Written by Shane Neubauer
"Waitlists aren't product market fit. Retention will always be 👑" -- Jeff Morris Jr.
There's more to a waiting list than you think.
Waiting lists are a common way for early online products to start engaging with their audience, and measuring interest. Before you even have a product ready, you can share your value proposition and see if it resonates. You can build a list of interested people, so you can engage with them already. It's a smart way to start.
While there's no right or wrong to do it, there are a few things that we've learned that will make a big difference in your success.
Getting sign ups to your waiting list are a great early signal. It shows that people are vibing with your value proposition, and are curious to learn more.
But, make no mistake! A popular waiting list is not a sign of product performance. These people have not used your product or service yet, and you don't know that they'll be loyal users later.
These people are leads — not users. And definitely not committing to pay anything to you yet.
👉 Waiting list popularity is a signal people may like your value proposition, not your product.
Once a user has joined your waiting list, their enthusiasm to sign up will begin to decay.

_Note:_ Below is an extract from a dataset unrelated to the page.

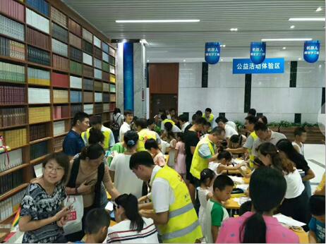 活動當日恰逢天降甘露,但絲毫擋不住讀者們的熱情,很多讀者提前1個多小時就來排隊,很快日照江和圖書館的大廳里就人頭攢動,聚集了上千人。亞太森博的志愿者們也早早趕到現場忙碌起來,有的布置現場,有的維持秩序,有的搬運書籍,有的向到場的市民朋友介紹活動內容,整個現場熱鬧而溫馨。

The longer the user is left waiting, the less likely they are to join when you finally invite them. You should begin engaging them already, giving them confidence that they'll be invited soon. Don't wait artificially to invite them — if there's no good reason they should be waiting anymore, invite them in! On this note, make sure you don't bank on having 100% of your waiting list sign up.
👉 Don't leave people hanging for too long. Engage often, and invite them ASAP.
In the beginning of your product development, you may want to be selective about who gets to be an early user. These users play an important role, as they are testing out your features first. They are the ones providing feedback that you'll be considering. If community or social engagement plays a part in your product, they'll form the foundations for the culture.
With this in mind, not everyone who signs up to your waiting list may be your ideal user. So, you may choose to be selective with who gets an invite first. One way to screen for who should be invited first vs. second is to implement a survey which is delivered immediately after sign up.
At Beyond we implemented such a survey, and users who complete it are more likely to be invited earlier based on their profile and content consumption habits.
👉 Use a survey to screen for your desired user profiles to invite first.
In the beginning, the only thing people have to judge your product on is your landing page. This single page is your main opportunity to communicate your value proposition, the problem you're addressing, and what you plan to create to solve it.
If your value proposition doesn't resonate with people, then they may not sign up. If you don't set expectations well enough for what you're building, they may be disappointed or confused when they finally sign up.
The landing page is something you should take seriously. Spend time writing copy, test it with users, and iterate on it whenever needed. The importance of this cannot be overstated. This is harder than you think.
👉 Spend a lot of time crafting and iterating on your landing page.
This is good advice in general for life. Be careful asking too much of your waiting list users before you give them any value in return. Asking too much of them at this stage may result in hard feelings and sad users.
It's usually OK to request something small, like an optional survey, but be mindful of how much time you're asking them to invest. Remember, at this point, they don't owe you anything.
👉 Give value before you ask for anything in return.
Engaging with your desired users early is almost always a really good idea, and using a waiting list is a great way to start. Hopefully these tips help you to be successful with your own!